In January, charge-off rates reached 5.48%, the highest level since December 2006, when a change in the consumer bankruptcy law caused charge-off rates to temporarily spike, according to information tracked by the Moody's Credit Card Indices. The January level is also slightly higher than the long-term average of 5.42%. Those rates, which are expected to rise throughout 2008, might rise to the upper limits of the rating agency's performance expectations by yearend, according to Moody's.
A noticeable trend is developing around the delinquency rate, which measures card balances more than 30 days past due. Delinquencies rose to 4.51%, up from its 3.91% level one year ago. That is the highest level in three and a half years, and continues a steady month-over-month climb that began seven months ago.
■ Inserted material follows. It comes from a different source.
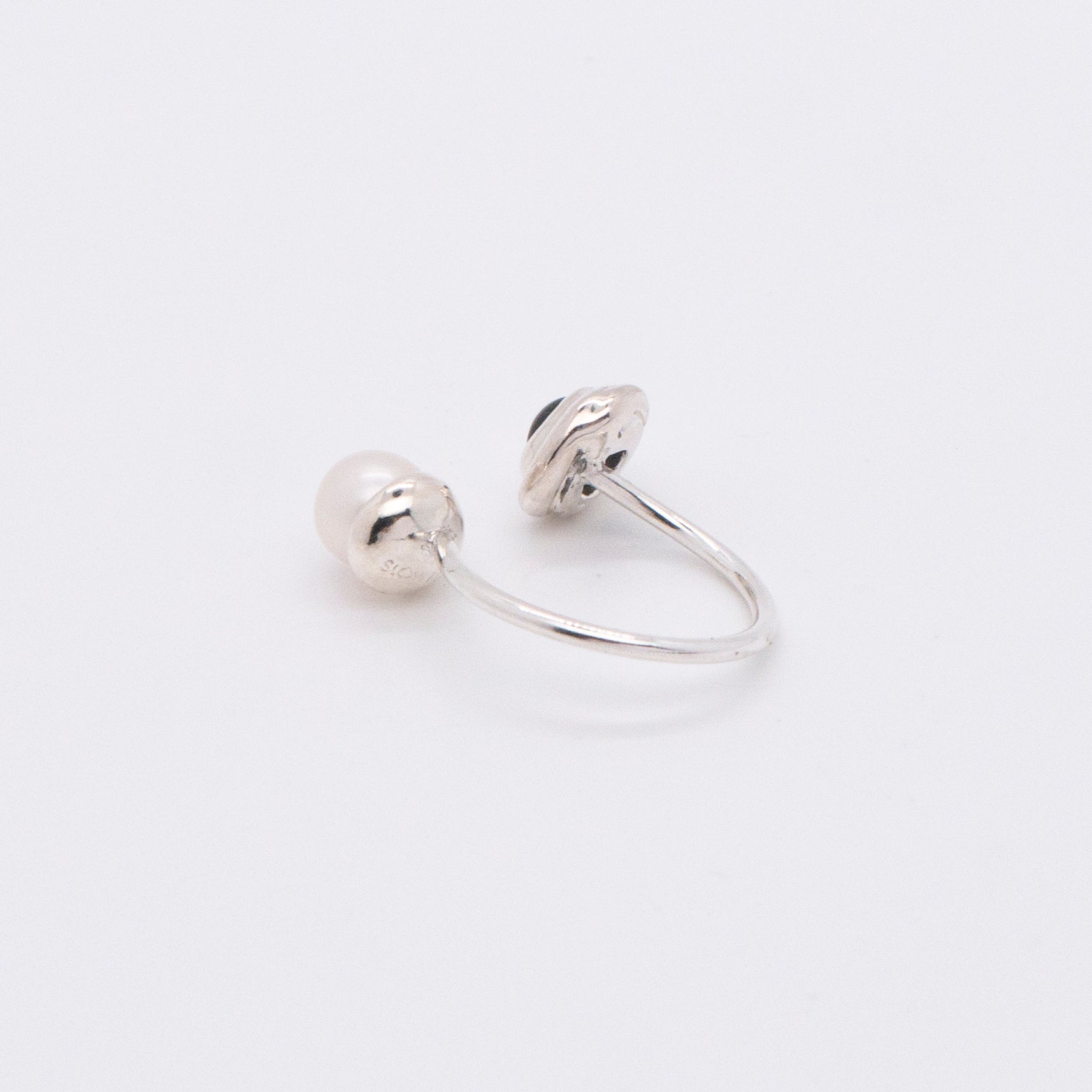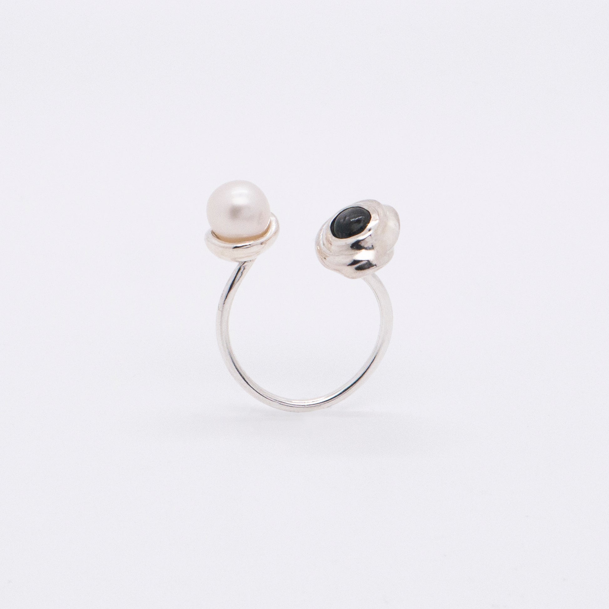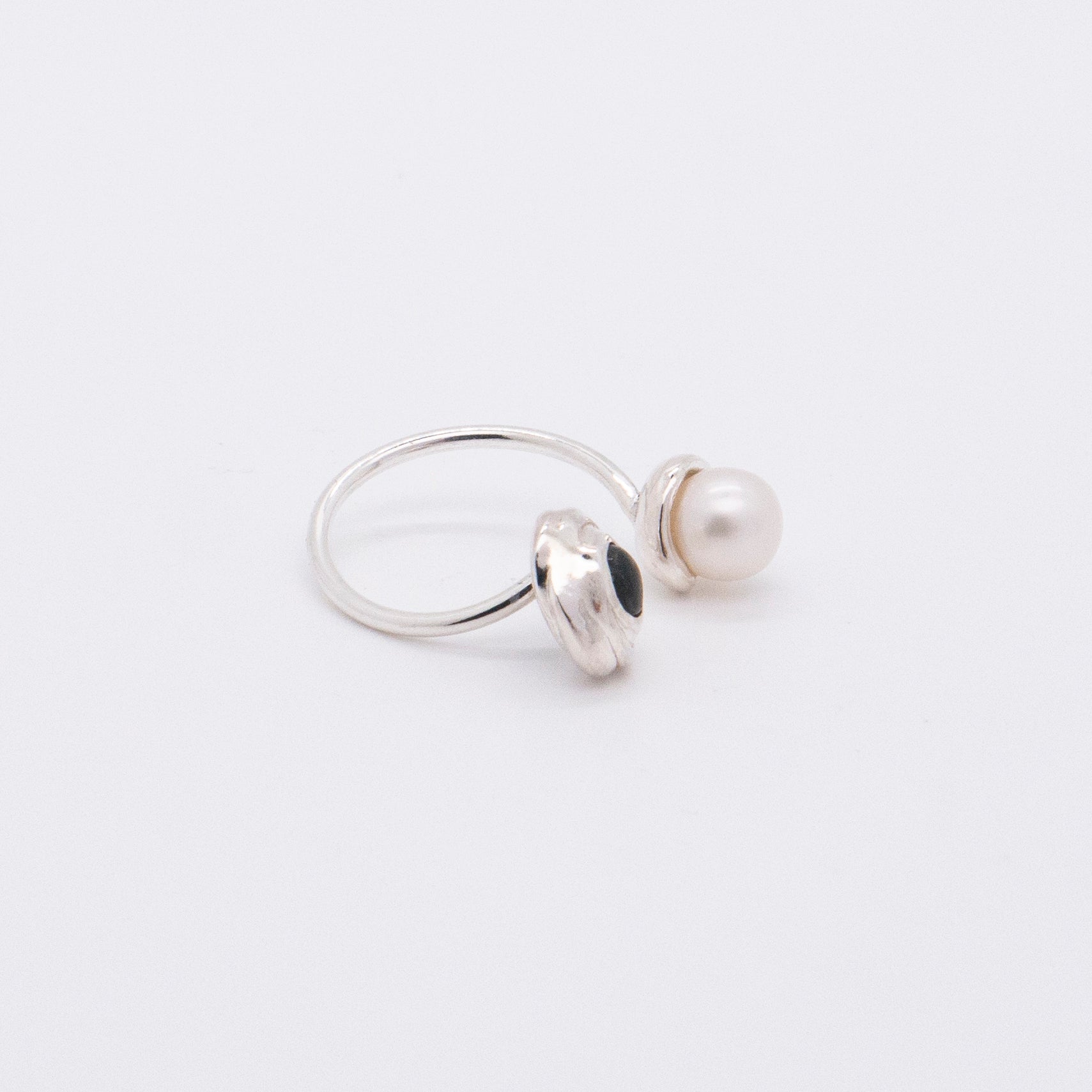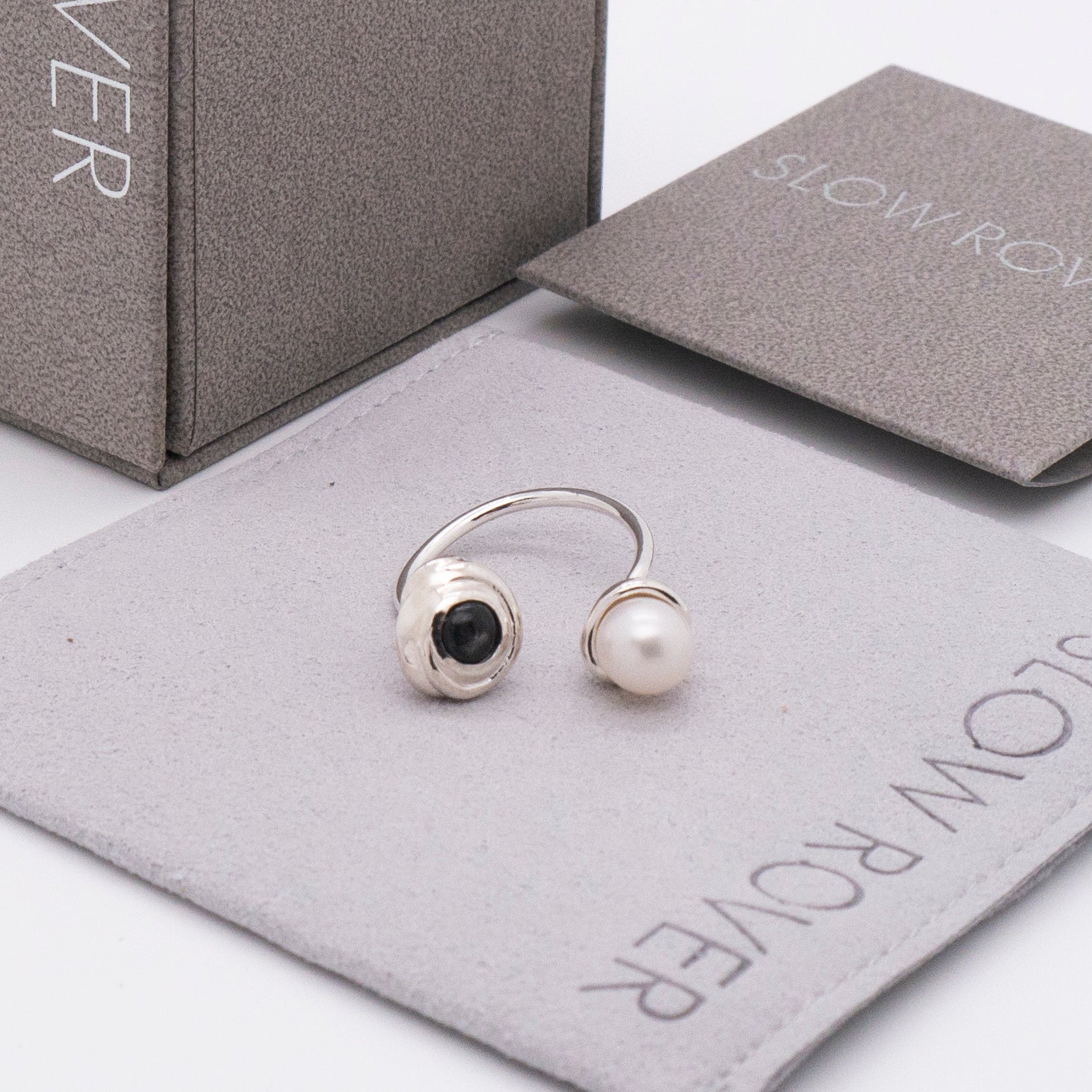 솔라 플래시 시리즈 선스팟 골드 럭 스톤 화이트 펄 반지 - 스털링 실버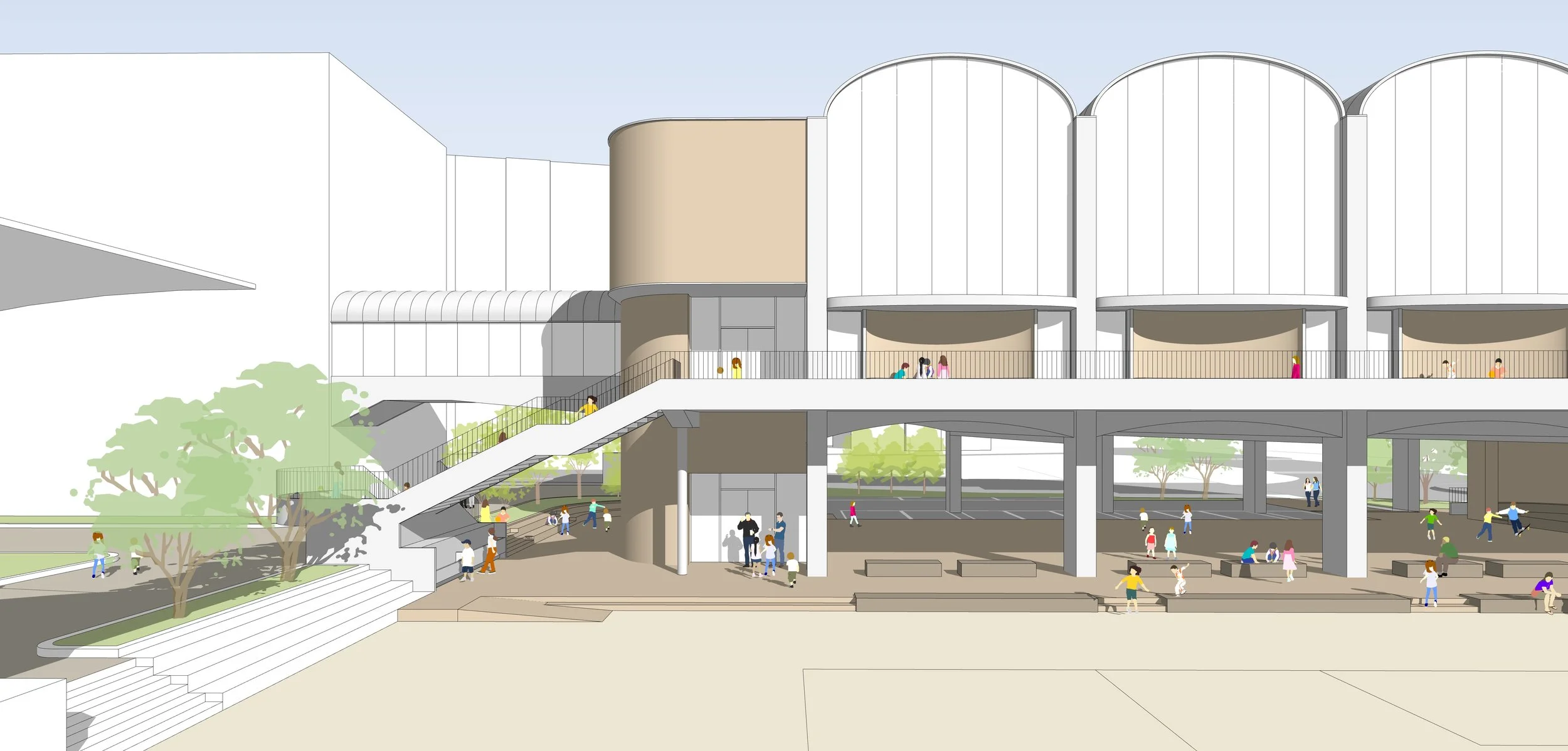 반원보다는 좀 더 완만한 반타원의 곡면 지붕을 가진 네 개의 매스는 양측 외벽을 반투명 복층 폴리카보네이트 패널로 마감해 체육관 내부로 균질하면서도 충분한 빛을 들이고자 했다. 언뜻 비닐하우스 같기도 하고, 식빵처럼 보이기도 해서 학생들이 몇 번째 식빵 앞에서 만나자고 약속하는 모습도 아주 잠깐 상상해 보았다. 또한 운동장 스탠드 근처 외부계단은 음수대를 감고 올라가면서 그 계단참은 교사동을 향해 살짝 돌출되는 미니 구령대처럼 계획하여 이동 동선과 교류의 기능을 겸하게 했다. 연결통로 아래에는 교내 레벨차를 이용해 소규모 야외수업이나 그룹 활동, 휴식을 위한 작은 커뮤니티 마당을, 체육관 하부 필로티는 운동장과 연계하여 이벤트 마당으로 활용할 수 있도록 한편에 작은 무대를 만들었다.

It is also the highest that the delinquency rate has been since April 2004.
"With the charge-off and delinquency rate headed upwards, Moody's has a negative outlook for the U.S. credit card sector," according to a statement from the rating agency. Still, the company saw no immediate reason to take rating action on existing credit-card ABS transactions, mainly because fundamental differences in the credit underwriting standards, risk management, issuer credit strength and macroeconomic driver for credit cards have spared that sector the same downturn happening in the subprime MBS sector.
Not all the latest indicators are necessarily bad, at least in terms of yields on credit card revenues. The average yield on credit cards rose in January to 18.54%, up from 18.34% a year earlier, despite several cuts in the Prime Rate over the last several months. Why? Moody's thinks that card issuers might be exercising the discretion that they have to charge cardholders. Further, the presumed increase in late fees collected on the increasing proportion of delinquent borrowers might account for the increased average yield.
Likewise, excess spread - which reflects portfolio revenues after subtracting expenses such as coupon interest, servicing costs and charge-offs - remains robust by historical standards, coming in at 6.94% in January.
Also in January, cardholders paid back an average of 19.06% of their credit-card debts. The increase was somewhat expected, Moody's indicated, saying that it "was likely caused by a cooling off of the real estate market and, by extension, mortgage refinancing activity." Also, the payment rate remained high by historical standards.